That's because it was a conscious FRAUD....

Stamping your feet and declaring it so isn't the same thing as being able to support your belief, I'm afraid. Nor does the material you quote provide adequate support, since they are also consistent with the kind of unintended fraud I describe above. You should be really familiar with that kind of fraud, since creationists have done it *countless* times -- they make the mistake of believing that their presumptions are fact, and then cheerfully publish these unconscious frauds for the public.
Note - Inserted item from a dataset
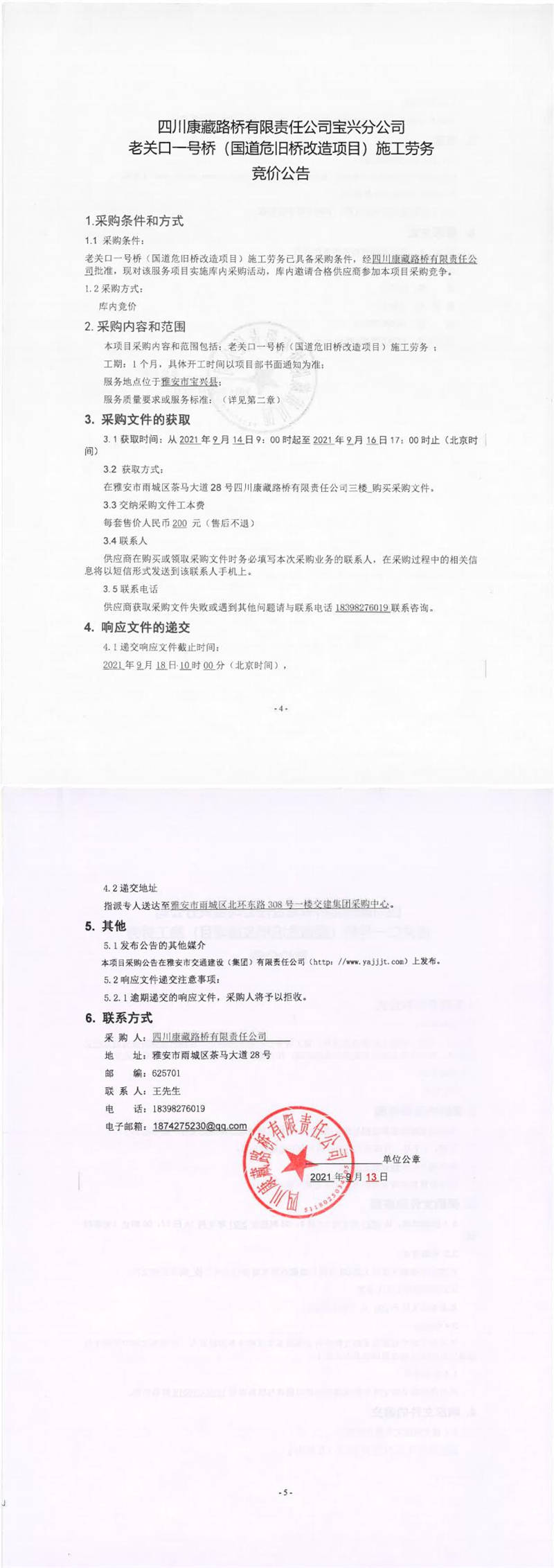 四川康藏路橋有限責(zé)任公司寶興分公司老關(guān)口一號(hào)橋(國道危舊橋改造項(xiàng)目)施工勞務(wù)競(jìng)價(jià)公告
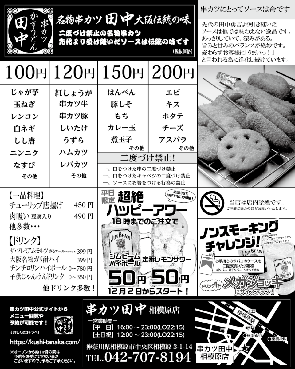 いつも串カツ田中をご愛顧いただき、誠にありがとうございます。

For just one example (out of literally *thousands* I've read), see Duane Gish's confident (but wholly fraudulent) claim about proteins:

One example is Gish's "bullfrog proteins." In 1983, in a PBS show on creationism, Gish claimed that while humans and chimpanzees have many proteins which are identical or differ by only a few amino acids, there are also human proteins which are more similar to a bullfrog or a chicken than to chimpanzees. Gish was repeatedly pressed to produce his evidence. Two years later, Philip Kitcher challenged Gish to produce his evidence or retract his claim in a debate at the University of Minnesota. Gish refused to respond. Kevin Wirth of Students for Origins Research (a pro-creationist organization) begged Gish to respond in the pages of Origins Research regarding the claim. He refused. (See Robert Schadewald, "Scientific Creationism and Error," Creation/Evolution XVII (vol. 6, no. 1, 1986).)
-- from Creationist Whoppers
And:

Duane Gish, a protein biochemist with a Ph.D. from Berkeley, is vice president of the Institute for Creation Research (ICR) and creationism's best-known spokesman. A veteran of perhaps 150 public debates and thousands of lectures and sermons on creationism, Gish is revered among creationists as a great scientist and a tireless fighter for the truth. Among noncreationists, however, Gish has a reputation for making erroneous statements and then pugnaciously refusing to acknowledge them. One example is an unfinished epic which might be called the tale of two proteins.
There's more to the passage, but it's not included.